100. The Band, Music from Big Pink (1968)

I feel some obligation to keep this going, less because you said you had been refreshing the page to see what was what and more because I realize it was something I started but didn't finish.

So I'm going to keep the album commentary / reviews going, only I'm going to do them a bit differently. I'll be counting down from 100 Rolling Stone magazine's top 100 albums from their top 500 list. This list is the 2020 version, slightly different than the 2012 version, and very different from the 2007(?) version, which was very Beatles-heavy. (Not that there's anything wrong with The Beatles. In fact, the more I've listened to their albums, the more they've grown on me. But they'll never topple The Rolling Stones.)
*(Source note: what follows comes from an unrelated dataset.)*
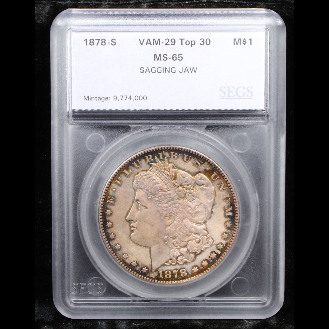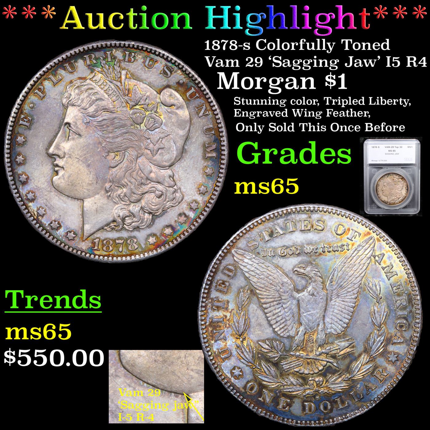 ***Auction Highlight*** 1878-s Colorfully Toned Vam 29 'Sagging Jaw' I5 R4 Morgan Dollar $1 Graded ms65 By SEGS. A Corey's Pick, Bid to Win Coin

Now as for the 100th album on Rolling Stone's list, this album being The Band's Music from Big Pink, I'm going to have say I don't like it all that much. Sure, I like The Band. And goodness, The Last Waltz documentary (directed by Martin Scorsese) might be the best music documentary of all time. And of course I like most of the songs off of this debut album. The problem, as I see it, is the vocal tracking.

All the vocals were recorded as if everybody was standing far away from the mikes. To make matters worse, you hear multiple voices on those tracks, not just vocalist Richard Manuel's. Or, if it is in fact only Manuel's voice, then what's been done is his voice has been layered one track upon the other. Whatever the producer has done, the vocals sound weak and echoey. I like my vocals clean, son.

I blame sixties experimentation. It wasn't just drugs with those folks, it was stuff like this, where the vocals sound like a dadgum choir instead of one singer with a full-bodied voice, a real presence.